Records from a data collection
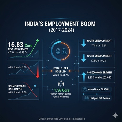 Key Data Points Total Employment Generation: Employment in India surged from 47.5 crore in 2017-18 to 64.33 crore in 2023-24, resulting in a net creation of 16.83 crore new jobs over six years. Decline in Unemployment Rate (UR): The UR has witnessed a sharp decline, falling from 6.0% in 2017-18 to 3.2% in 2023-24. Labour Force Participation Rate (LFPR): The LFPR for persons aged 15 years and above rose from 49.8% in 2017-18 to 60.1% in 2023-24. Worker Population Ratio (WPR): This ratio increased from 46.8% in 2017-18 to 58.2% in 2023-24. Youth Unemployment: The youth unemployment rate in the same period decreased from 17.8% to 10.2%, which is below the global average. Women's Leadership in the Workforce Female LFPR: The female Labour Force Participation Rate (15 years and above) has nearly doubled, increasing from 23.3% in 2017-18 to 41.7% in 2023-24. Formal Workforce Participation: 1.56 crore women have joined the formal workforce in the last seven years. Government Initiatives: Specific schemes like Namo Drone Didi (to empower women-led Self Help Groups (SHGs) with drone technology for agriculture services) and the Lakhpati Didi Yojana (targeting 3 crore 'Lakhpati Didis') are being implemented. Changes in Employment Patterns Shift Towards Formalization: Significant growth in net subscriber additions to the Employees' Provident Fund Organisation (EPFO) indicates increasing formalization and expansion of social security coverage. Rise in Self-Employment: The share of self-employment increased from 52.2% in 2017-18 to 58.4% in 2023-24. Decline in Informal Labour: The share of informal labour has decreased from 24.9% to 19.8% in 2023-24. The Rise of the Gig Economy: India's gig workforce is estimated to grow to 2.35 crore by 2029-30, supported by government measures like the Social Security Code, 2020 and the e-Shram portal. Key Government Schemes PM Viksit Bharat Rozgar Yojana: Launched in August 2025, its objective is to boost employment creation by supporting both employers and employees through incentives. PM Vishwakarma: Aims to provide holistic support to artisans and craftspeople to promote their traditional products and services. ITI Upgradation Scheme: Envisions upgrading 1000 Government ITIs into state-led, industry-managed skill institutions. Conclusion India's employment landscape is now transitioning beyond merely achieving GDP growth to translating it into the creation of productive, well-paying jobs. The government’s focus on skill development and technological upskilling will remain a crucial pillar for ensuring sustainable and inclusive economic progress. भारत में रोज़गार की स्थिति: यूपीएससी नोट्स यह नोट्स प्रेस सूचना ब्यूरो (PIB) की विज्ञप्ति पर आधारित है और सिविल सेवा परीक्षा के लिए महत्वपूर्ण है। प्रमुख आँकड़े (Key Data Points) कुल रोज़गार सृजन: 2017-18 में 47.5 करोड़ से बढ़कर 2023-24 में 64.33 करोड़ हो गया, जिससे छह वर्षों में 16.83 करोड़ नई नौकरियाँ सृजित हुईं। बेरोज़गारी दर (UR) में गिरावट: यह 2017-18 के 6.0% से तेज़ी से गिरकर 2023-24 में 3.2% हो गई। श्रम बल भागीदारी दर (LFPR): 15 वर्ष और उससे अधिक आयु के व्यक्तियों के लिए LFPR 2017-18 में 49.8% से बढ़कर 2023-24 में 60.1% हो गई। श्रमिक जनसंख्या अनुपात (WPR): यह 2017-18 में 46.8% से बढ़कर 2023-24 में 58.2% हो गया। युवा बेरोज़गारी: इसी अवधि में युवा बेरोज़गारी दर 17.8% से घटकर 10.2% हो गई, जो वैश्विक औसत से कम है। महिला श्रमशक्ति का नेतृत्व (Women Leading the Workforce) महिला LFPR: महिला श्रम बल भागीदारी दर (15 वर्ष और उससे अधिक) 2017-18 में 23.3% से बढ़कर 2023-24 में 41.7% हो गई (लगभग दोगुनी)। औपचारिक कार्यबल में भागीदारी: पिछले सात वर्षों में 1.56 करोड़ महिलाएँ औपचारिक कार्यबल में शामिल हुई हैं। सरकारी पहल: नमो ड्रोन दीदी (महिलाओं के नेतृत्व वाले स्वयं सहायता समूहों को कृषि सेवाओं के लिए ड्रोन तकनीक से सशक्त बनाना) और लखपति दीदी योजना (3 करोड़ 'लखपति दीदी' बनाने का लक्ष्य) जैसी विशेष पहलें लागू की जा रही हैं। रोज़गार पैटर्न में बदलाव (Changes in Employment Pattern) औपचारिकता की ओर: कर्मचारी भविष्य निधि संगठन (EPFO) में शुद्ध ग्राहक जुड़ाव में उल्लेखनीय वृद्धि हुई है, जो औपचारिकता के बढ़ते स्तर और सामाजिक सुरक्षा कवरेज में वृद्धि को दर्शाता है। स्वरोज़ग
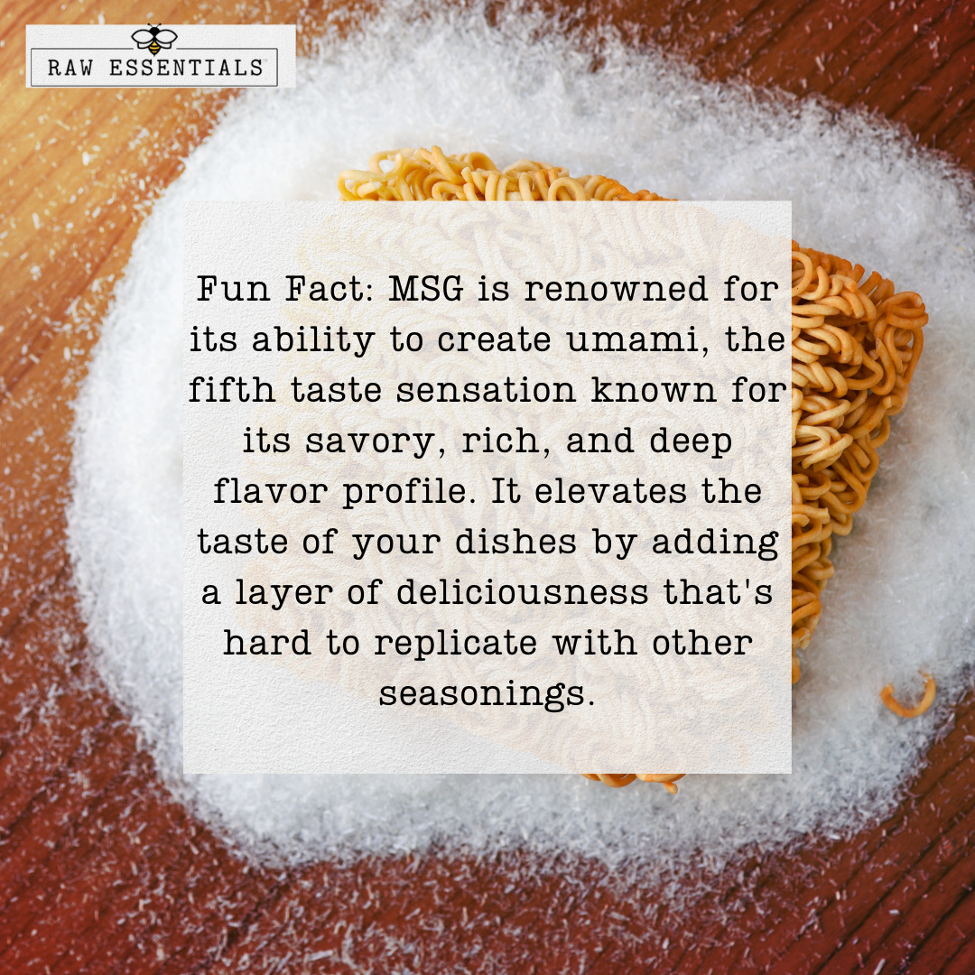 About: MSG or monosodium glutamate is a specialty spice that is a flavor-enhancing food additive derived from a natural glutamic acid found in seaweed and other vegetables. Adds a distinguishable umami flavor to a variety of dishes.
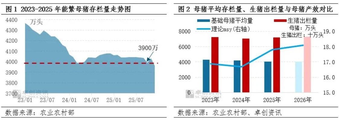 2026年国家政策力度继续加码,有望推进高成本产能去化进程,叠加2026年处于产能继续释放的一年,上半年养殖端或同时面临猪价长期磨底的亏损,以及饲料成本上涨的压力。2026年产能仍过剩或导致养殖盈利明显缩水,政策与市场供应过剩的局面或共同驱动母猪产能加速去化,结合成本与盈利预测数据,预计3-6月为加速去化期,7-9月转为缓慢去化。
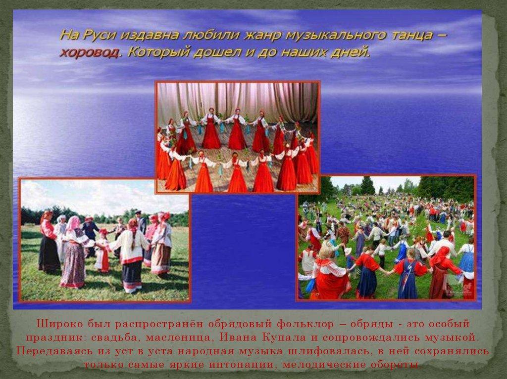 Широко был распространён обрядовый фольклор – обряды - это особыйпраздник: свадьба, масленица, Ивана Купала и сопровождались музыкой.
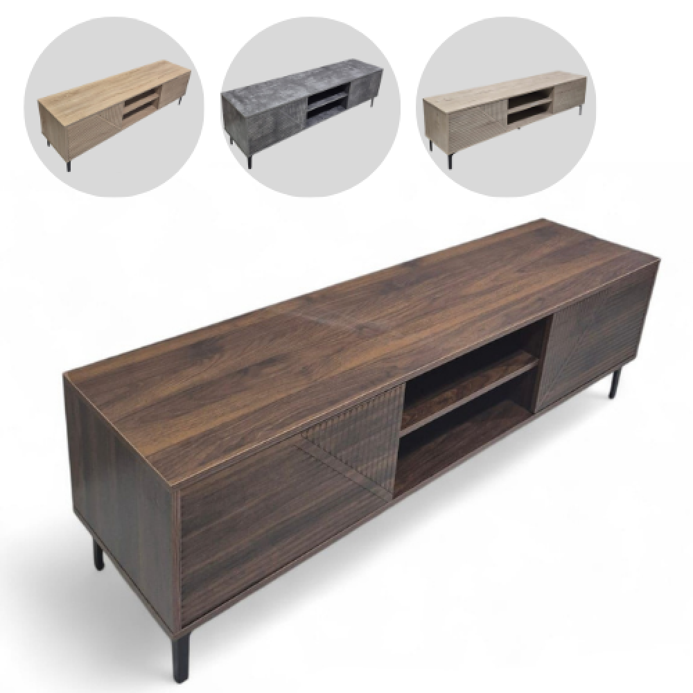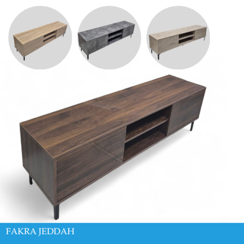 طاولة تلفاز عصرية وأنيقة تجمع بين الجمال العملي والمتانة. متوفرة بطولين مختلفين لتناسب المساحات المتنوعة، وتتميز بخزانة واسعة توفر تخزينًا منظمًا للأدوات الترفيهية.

• **WHAT IS NEEDED**
Omit every picture while transcribing the records above exactly.

• **EXERCISE RESULT**
 Key Data Points Total Employment Generation: Employment in India surged from 47.5 crore in 2017-18 to 64.33 crore in 2023-24, resulting in a net creation of 16.83 crore new jobs over six years. Decline in Unemployment Rate (UR): The UR has witnessed a sharp decline, falling from 6.0% in 2017-18 to 3.2% in 2023-24. Labour Force Participation Rate (LFPR): The LFPR for persons aged 15 years and above rose from 49.8% in 2017-18 to 60.1% in 2023-24. Worker Population Ratio (WPR): This ratio increased from 46.8% in 2017-18 to 58.2% in 2023-24. Youth Unemployment: The youth unemployment rate in the same period decreased from 17.8% to 10.2%, which is below the global average. Women's Leadership in the Workforce Female LFPR: The female Labour Force Participation Rate (15 years and above) has nearly doubled, increasing from 23.3% in 2017-18 to 41.7% in 2023-24. Formal Workforce Participation: 1.56 crore women have joined the formal workforce in the last seven years. Government Initiatives: Specific schemes like Namo Drone Didi (to empower women-led Self Help Groups (SHGs) with drone technology for agriculture services) and the Lakhpati Didi Yojana (targeting 3 crore 'Lakhpati Didis') are being implemented. Changes in Employment Patterns Shift Towards Formalization: Significant growth in net subscriber additions to the Employees' Provident Fund Organisation (EPFO) indicates increasing formalization and expansion of social security coverage. Rise in Self-Employment: The share of self-employment increased from 52.2% in 2017-18 to 58.4% in 2023-24. Decline in Informal Labour: The share of informal labour has decreased from 24.9% to 19.8% in 2023-24. The Rise of the Gig Economy: India's gig workforce is estimated to grow to 2.35 crore by 2029-30, supported by government measures like the Social Security Code, 2020 and the e-Shram portal. Key Government Schemes PM Viksit Bharat Rozgar Yojana: Launched in August 2025, its objective is to boost employment creation by supporting both employers and employees through incentives. PM Vishwakarma: Aims to provide holistic support to artisans and craftspeople to promote their traditional products and services. ITI Upgradation Scheme: Envisions upgrading 1000 Government ITIs into state-led, industry-managed skill institutions. Conclusion India's employment landscape is now transitioning beyond merely achieving GDP growth to translating it into the creation of productive, well-paying jobs. The government’s focus on skill development and technological upskilling will remain a crucial pillar for ensuring sustainable and inclusive economic progress. भारत में रोज़गार की स्थिति: यूपीएससी नोट्स यह नोट्स प्रेस सूचना ब्यूरो (PIB) की विज्ञप्ति पर आधारित है और सिविल सेवा परीक्षा के लिए महत्वपूर्ण है। प्रमुख आँकड़े (Key Data Points) कुल रोज़गार सृजन: 2017-18 में 47.5 करोड़ से बढ़कर 2023-24 में 64.33 करोड़ हो गया, जिससे छह वर्षों में 16.83 करोड़ नई नौकरियाँ सृजित हुईं। बेरोज़गारी दर (UR) में गिरावट: यह 2017-18 के 6.0% से तेज़ी से गिरकर 2023-24 में 3.2% हो गई। श्रम बल भागीदारी दर (LFPR): 15 वर्ष और उससे अधिक आयु के व्यक्तियों के लिए LFPR 2017-18 में 49.8% से बढ़कर 2023-24 में 60.1% हो गई। श्रमिक जनसंख्या अनुपात (WPR): यह 2017-18 में 46.8% से बढ़कर 2023-24 में 58.2% हो गया। युवा बेरोज़गारी: इसी अवधि में युवा बेरोज़गारी दर 17.8% से घटकर 10.2% हो गई, जो वैश्विक औसत से कम है। महिला श्रमशक्ति का नेतृत्व (Women Leading the Workforce) महिला LFPR: महिला श्रम बल भागीदारी दर (15 वर्ष और उससे अधिक) 2017-18 में 23.3% से बढ़कर 2023-24 में 41.7% हो गई (लगभग दोगुनी)। औपचारिक कार्यबल में भागीदारी: पिछले सात वर्षों में 1.56 करोड़ महिलाएँ औपचारिक कार्यबल में शामिल हुई हैं। सरकारी पहल: नमो ड्रोन दीदी (महिलाओं के नेतृत्व वाले स्वयं सहायता समूहों को कृषि सेवाओं के लिए ड्रोन तकनीक से सशक्त बनाना) और लखपति दीदी योजना (3 करोड़ 'लखपति दीदी' बनाने का लक्ष्य) जैसी विशेष पहलें लागू की जा रही हैं। रोज़गार पैटर्न में बदलाव (Changes in Employment Pattern) औपचारिकता की ओर: कर्मचारी भविष्य निधि संगठन (EPFO) में शुद्ध ग्राहक जुड़ाव में उल्लेखनीय वृद्धि हुई है, जो औपचारिकता के बढ़ते स्तर और सामाजिक सुरक्षा कवरेज में वृद्धि को दर्शाता है। स्वरोज़ग
 About: MSG or monosodium glutamate is a specialty spice that is a flavor-enhancing food additive derived from a natural glutamic acid found in seaweed and other vegetables. Adds a distinguishable umami flavor to a variety of dishes.
 2026年国家政策力度继续加码,有望推进高成本产能去化进程,叠加2026年处于产能继续释放的一年,上半年养殖端或同时面临猪价长期磨底的亏损,以及饲料成本上涨的压力。2026年产能仍过剩或导致养殖盈利明显缩水,政策与市场供应过剩的局面或共同驱动母猪产能加速去化,结合成本与盈利预测数据,预计3-6月为加速去化期,7-9月转为缓慢去化。
 Широко был распространён обрядовый фольклор – обряды - это особыйпраздник: свадьба, масленица, Ивана Купала и сопровождались музыкой.
 طاولة تلفاز عصرية وأنيقة تجمع بين الجمال العملي والمتانة. متوفرة بطولين مختلفين لتناسب المساحات المتنوعة، وتتميز بخزانة واسعة توفر تخزينًا منظمًا للأدوات الترفيهية.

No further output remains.